=== Begin Enclosure ===
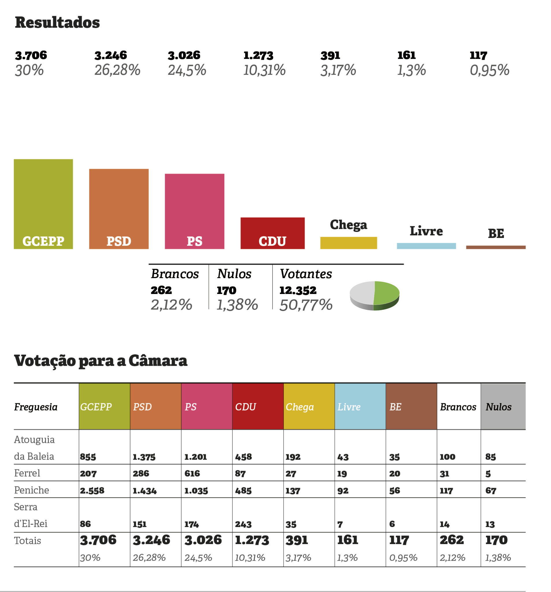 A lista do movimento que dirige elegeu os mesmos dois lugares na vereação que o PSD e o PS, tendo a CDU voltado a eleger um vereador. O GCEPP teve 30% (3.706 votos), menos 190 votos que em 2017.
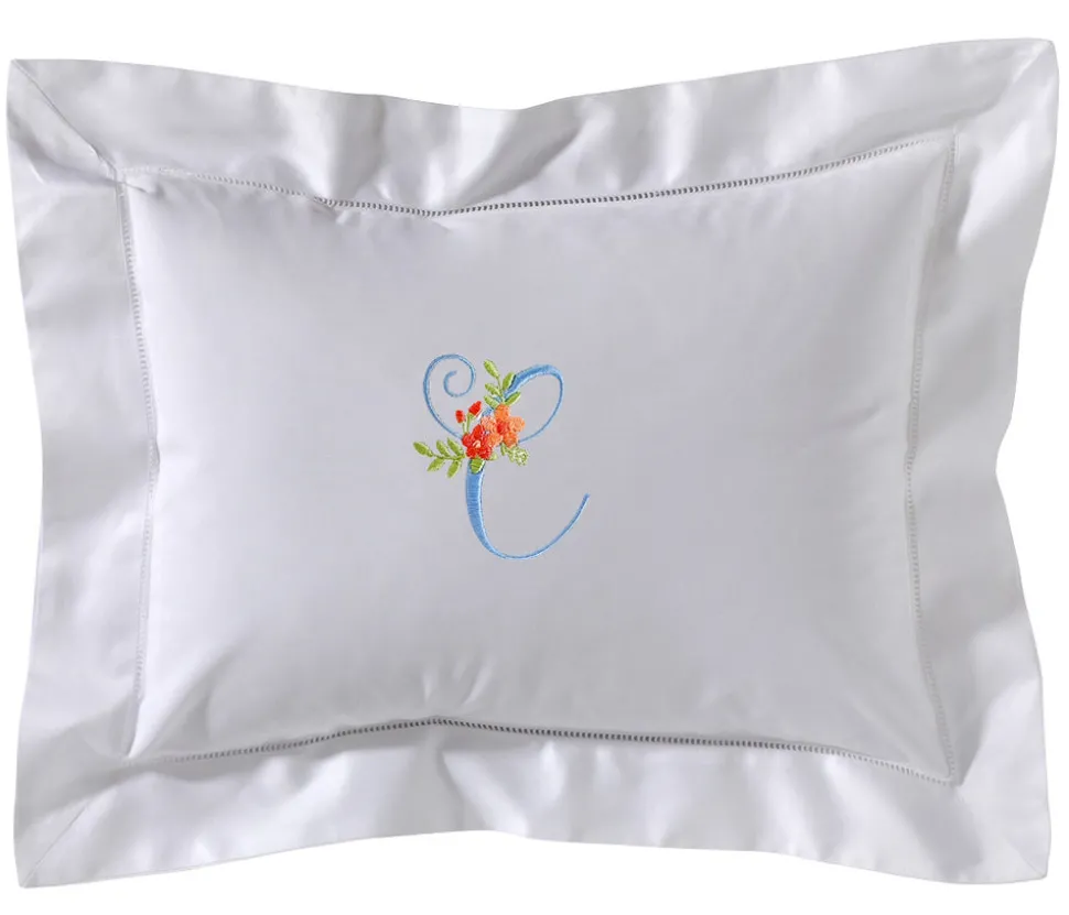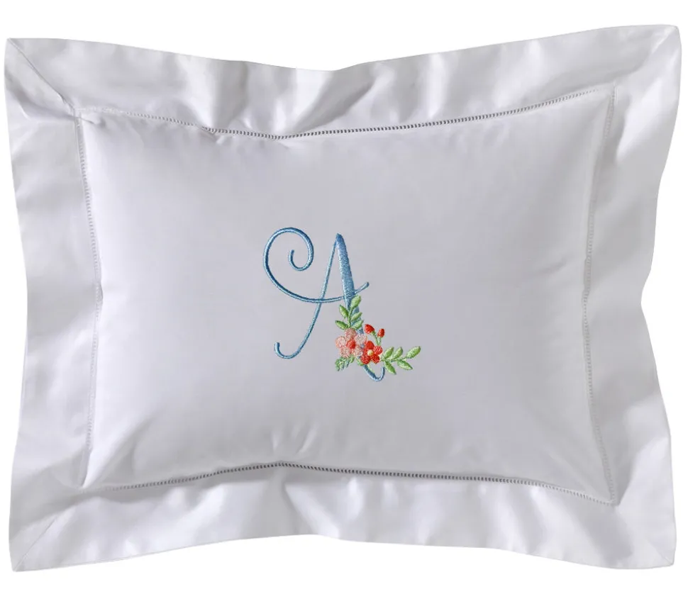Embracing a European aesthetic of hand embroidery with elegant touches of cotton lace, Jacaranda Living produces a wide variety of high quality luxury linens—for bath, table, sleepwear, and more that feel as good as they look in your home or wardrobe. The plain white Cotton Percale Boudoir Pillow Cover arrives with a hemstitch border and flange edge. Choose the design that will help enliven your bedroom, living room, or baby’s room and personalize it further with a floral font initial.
=== End Enclosure ===
=== Begin Enclosure ===
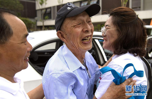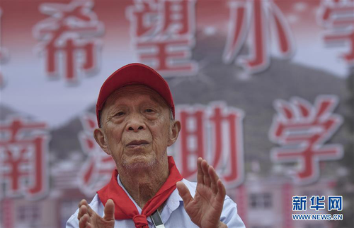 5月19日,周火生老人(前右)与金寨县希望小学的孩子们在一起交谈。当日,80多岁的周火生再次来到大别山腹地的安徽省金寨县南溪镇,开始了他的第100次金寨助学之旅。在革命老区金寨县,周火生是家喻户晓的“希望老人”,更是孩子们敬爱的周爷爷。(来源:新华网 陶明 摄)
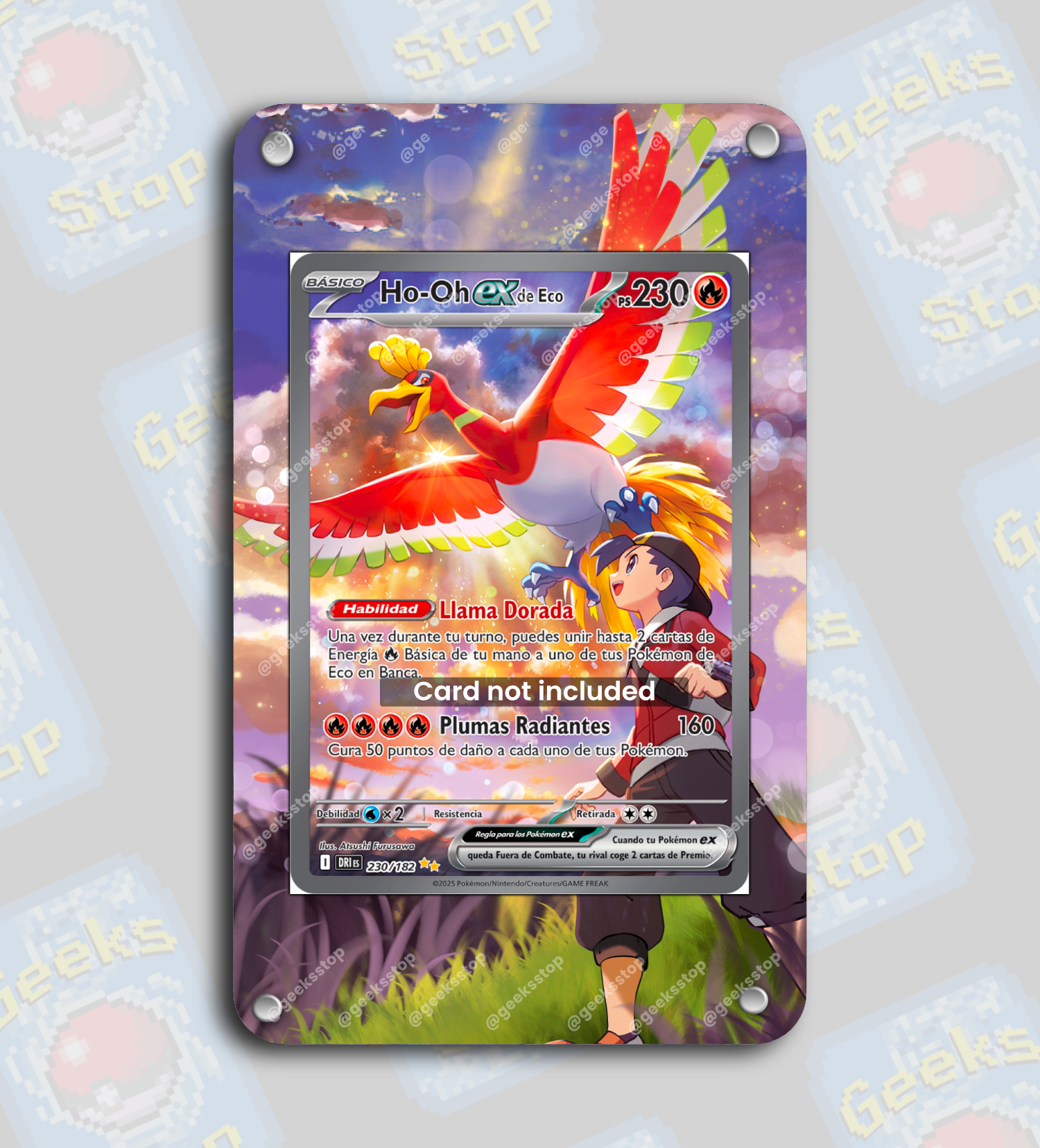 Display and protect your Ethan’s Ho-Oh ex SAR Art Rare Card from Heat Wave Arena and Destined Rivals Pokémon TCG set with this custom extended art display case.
=== End Enclosure ===
=== Begin Enclosure ===
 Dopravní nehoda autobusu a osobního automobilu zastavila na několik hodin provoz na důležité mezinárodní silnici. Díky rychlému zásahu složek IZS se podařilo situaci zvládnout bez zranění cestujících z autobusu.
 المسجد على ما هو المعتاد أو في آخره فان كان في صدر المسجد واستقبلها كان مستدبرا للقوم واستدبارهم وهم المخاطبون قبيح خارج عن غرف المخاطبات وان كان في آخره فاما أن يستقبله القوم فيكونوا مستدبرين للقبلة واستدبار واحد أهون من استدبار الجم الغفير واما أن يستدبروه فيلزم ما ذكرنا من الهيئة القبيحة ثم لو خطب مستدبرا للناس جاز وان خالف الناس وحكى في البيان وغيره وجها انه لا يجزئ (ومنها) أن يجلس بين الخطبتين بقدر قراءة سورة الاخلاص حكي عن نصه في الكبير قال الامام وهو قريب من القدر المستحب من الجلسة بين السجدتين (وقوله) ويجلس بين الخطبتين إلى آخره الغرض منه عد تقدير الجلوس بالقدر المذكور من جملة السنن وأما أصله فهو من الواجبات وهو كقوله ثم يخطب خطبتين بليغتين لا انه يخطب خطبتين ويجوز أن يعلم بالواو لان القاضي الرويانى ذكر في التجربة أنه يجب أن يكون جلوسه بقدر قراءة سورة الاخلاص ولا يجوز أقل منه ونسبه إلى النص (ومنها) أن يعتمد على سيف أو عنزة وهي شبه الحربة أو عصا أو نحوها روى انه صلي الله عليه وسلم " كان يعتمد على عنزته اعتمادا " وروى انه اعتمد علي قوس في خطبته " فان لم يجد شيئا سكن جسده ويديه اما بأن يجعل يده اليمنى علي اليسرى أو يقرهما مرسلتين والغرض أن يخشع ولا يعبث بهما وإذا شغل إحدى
=== End Enclosure ===
• **WORK INSTRUCTIONS**:
Copy only what lies between the line with "A lista do movimento" and the line with "Embracing a European", those two lines included, exactly as given above; pictures stay out.

• **TASK ANSWER**:
 A lista do movimento que dirige elegeu os mesmos dois lugares na vereação que o PSD e o PS, tendo a CDU voltado a eleger um vereador. O GCEPP teve 30% (3.706 votos), menos 190 votos que em 2017.
Embracing a European aesthetic of hand embroidery with elegant touches of cotton lace, Jacaranda Living produces a wide variety of high quality luxury linens—for bath, table, sleepwear, and more that feel as good as they look in your home or wardrobe. The plain white Cotton Percale Boudoir Pillow Cover arrives with a hemstitch border and flange edge. Choose the design that will help enliven your bedroom, living room, or baby’s room and personalize it further with a floral font initial.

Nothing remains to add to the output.